Sources & Integrations
KinesisSource
Streaming connector for AWS Kinesis Data Streams - continuous shard consumption with cross-account IAM support.
KinesisSource consumes from an AWS Kinesis Data Stream continuously. Each shard maps to a Thyme worker, and Kinesis throughput scales with shard count.
Use case
- AWS-native streaming workloads where Kinesis is already in use
- Clickstreams and telemetry produced by AWS services (CloudFront logs, IoT Core, etc.)

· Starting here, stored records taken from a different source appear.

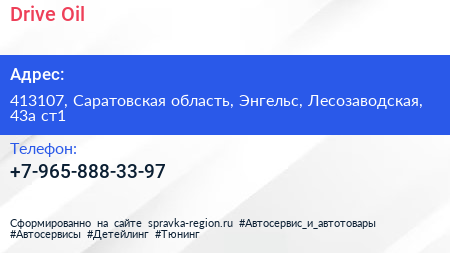 Drive Oil по адресу 413107, Саратовская область, Энгельс, Лесозаводская, 43а ст1 в дальнейшем Организация, размещена в следующих категориях: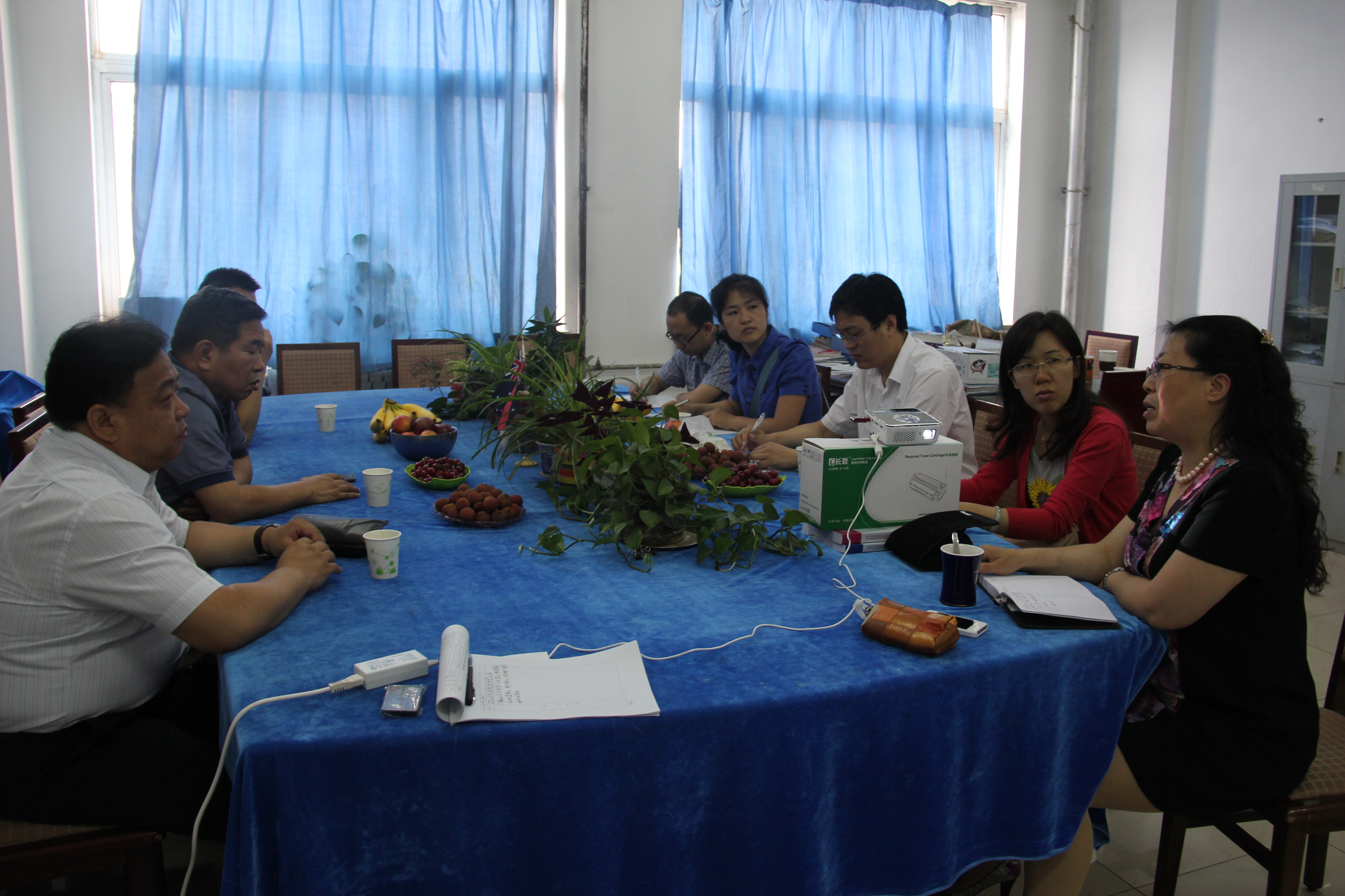 6月20日上午,石家庄学院太阳成tyc33455cc大学英语教研室一行四人来到我校太阳成tyc33455cc进行交流学习。太阳成tyc33455cc党委书记白雪松、院长邵丽君、副院长游建民、副院长崔海英和公共英语教研室副主任韩庆山参加了交流学习会。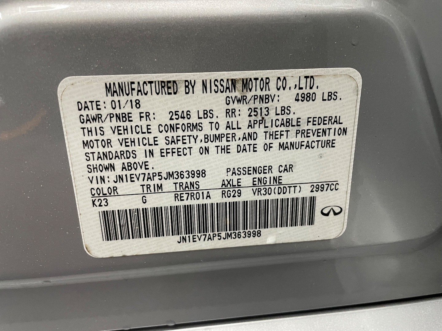 VIN #: JN1EV7AP5JM363998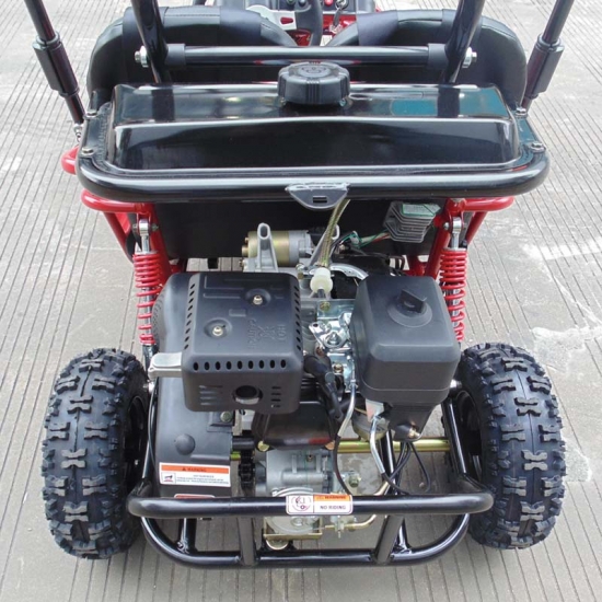 It’s a double seat, full suspension Go Kart equipped with 163cc, 5.5hp engine electric start with pull start back up and features 2-wheel drive and centrifugal clutch, simple in control with stop / go foot pedals. The Transmission is an easy to use Fully Automatic with Reverse with 5-point safety Harness.

- Cross-account ingestion where the source stream lives in a different AWS account
Example
import os
from thyme import Secret
from thyme.connectors import KinesisSource, source
@source(
KinesisSource(
stream_arn=os.environ["MY_KINESIS_STREAM_ARN"],
init_position="trim_horizon",
role_arn=Secret(env="MY_KINESIS_ROLE_ARN"),
),
max_lateness="5m",
)
@dataset(index=True)
class ClickEvent:
user_id: Field[str] = field(key=True)
page: Field[str] = field()
timestamp: Field[datetime] = field(timestamp=True)Parameters
| Parameter | Required | Default / env var | Description |
|---|---|---|---|
stream_arn | Yes | - | Kinesis stream ARN |
init_position | No | "latest" (per-stream, not env-defaulted) | "latest", "trim_horizon", or ISO-8601 timestamp |
format | No | "json" (per-stream, not env-defaulted) | Message format: json |
role_arn | No (Secret-capable) | THYME_KINESIS_ROLE_ARN | IAM role ARN for cross-account access |
region | No | THYME_KINESIS_REGION ("us-east-1") | AWS region |
endpoint_url | No | THYME_KINESIS_ENDPOINT_URL | LocalStack / custom endpoint override |
Authentication
By default, the connector uses the engine pod's IAM identity (irsa, instance role, etc.). For cross-account ingestion, supply a role_arn to assume:
KinesisSource(
stream_arn="arn:aws:kinesis:us-east-1:111122223333:stream/click-events",
role_arn=Secret(env="CROSS_ACCOUNT_ROLE"),
)Throughput
Each Kinesis shard supports approximately 1 MB/s or 1,000 records/s for read. If your stream is shard-limited, increase the shard count on the source side; Thyme will scale workers to match.
Limits
Setting cursor or every on KinesisSource raises a validation error - streaming connectors consume continuously and don't poll.
- Backfilling a Kinesis-sourced dataset on commit is not currently supported. Rely on the live ingestion path for Kinesis sources.